Content starts

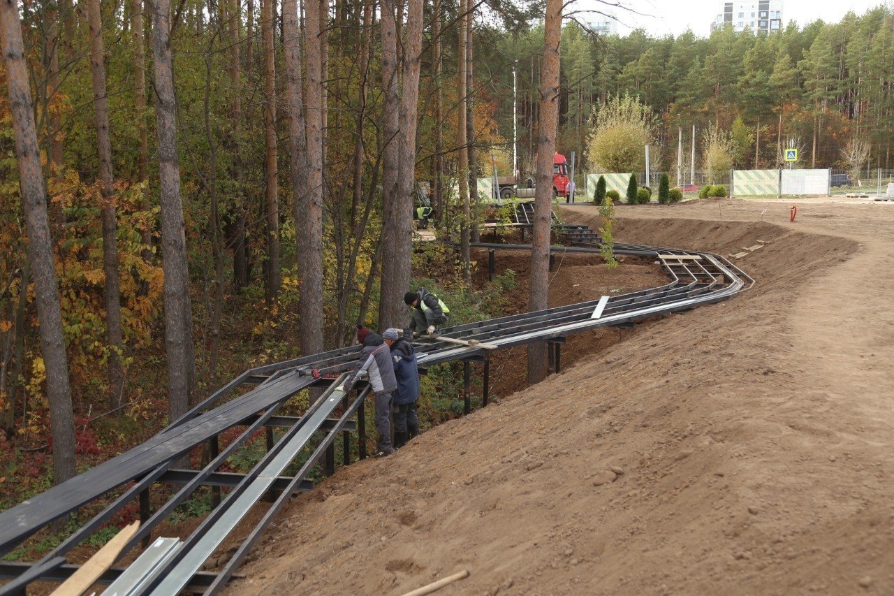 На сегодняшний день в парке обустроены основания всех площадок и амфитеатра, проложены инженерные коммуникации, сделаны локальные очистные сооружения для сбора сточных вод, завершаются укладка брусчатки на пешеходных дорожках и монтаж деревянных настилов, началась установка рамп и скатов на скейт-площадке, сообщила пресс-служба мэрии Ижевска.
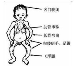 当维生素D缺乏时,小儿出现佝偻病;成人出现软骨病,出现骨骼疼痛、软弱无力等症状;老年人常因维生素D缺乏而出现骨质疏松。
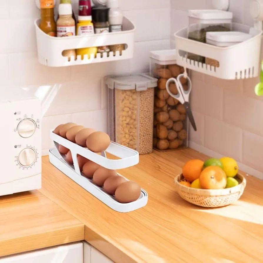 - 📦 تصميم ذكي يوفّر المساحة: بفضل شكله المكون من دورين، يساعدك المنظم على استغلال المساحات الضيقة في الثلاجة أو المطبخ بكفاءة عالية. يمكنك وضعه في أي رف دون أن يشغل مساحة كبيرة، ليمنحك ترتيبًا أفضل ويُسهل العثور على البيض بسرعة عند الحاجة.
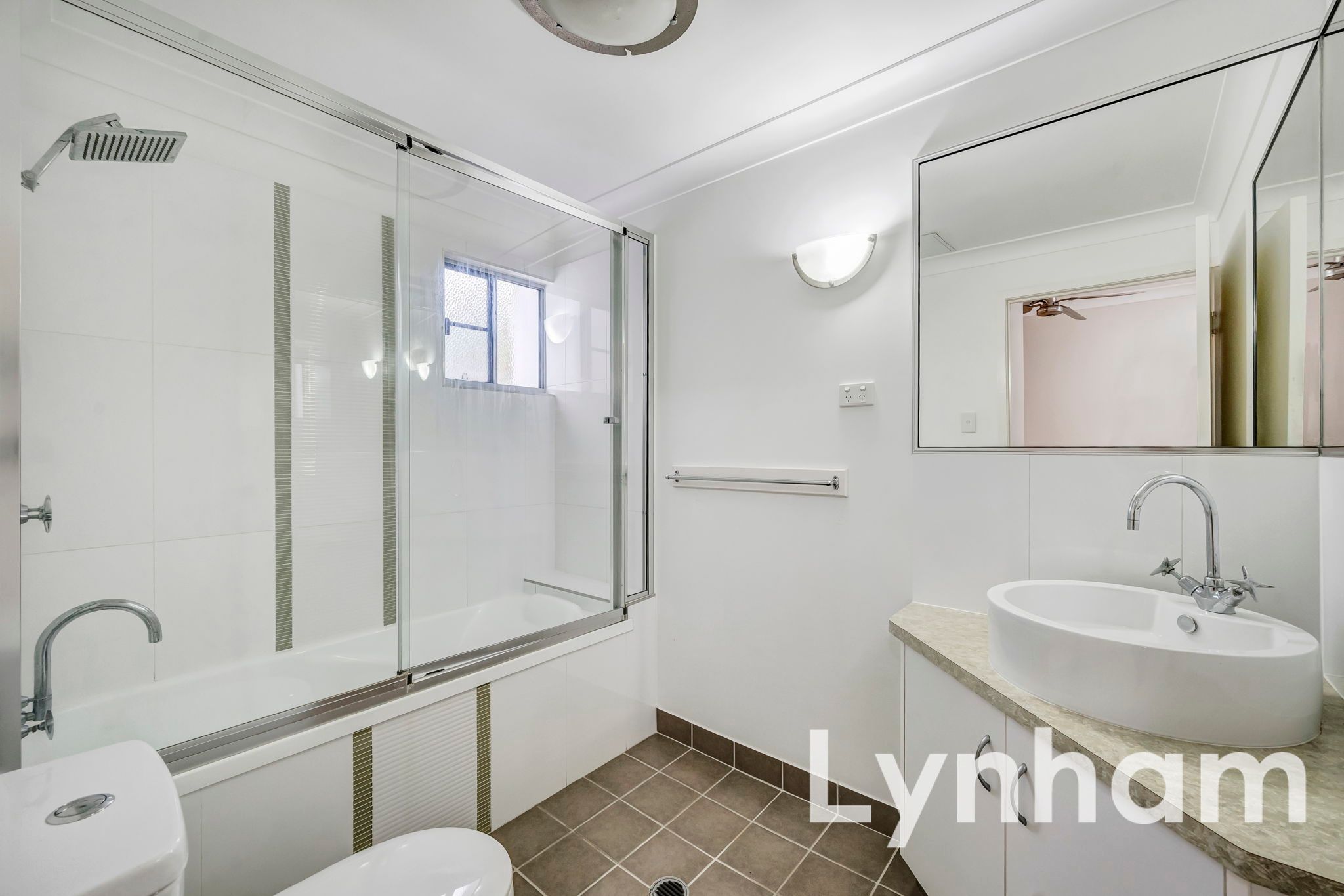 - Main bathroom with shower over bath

Content ends

About this task:
Reproduce all of the data exactly; the pictures do not belong in the copy.

Answer area:
 На сегодняшний день в парке обустроены основания всех площадок и амфитеатра, проложены инженерные коммуникации, сделаны локальные очистные сооружения для сбора сточных вод, завершаются укладка брусчатки на пешеходных дорожках и монтаж деревянных настилов, началась установка рамп и скатов на скейт-площадке, сообщила пресс-служба мэрии Ижевска.
 当维生素D缺乏时,小儿出现佝偻病;成人出现软骨病,出现骨骼疼痛、软弱无力等症状;老年人常因维生素D缺乏而出现骨质疏松。
 - 📦 تصميم ذكي يوفّر المساحة: بفضل شكله المكون من دورين، يساعدك المنظم على استغلال المساحات الضيقة في الثلاجة أو المطبخ بكفاءة عالية. يمكنك وضعه في أي رف دون أن يشغل مساحة كبيرة، ليمنحك ترتيبًا أفضل ويُسهل العثور على البيض بسرعة عند الحاجة.
 - Main bathroom with shower over bath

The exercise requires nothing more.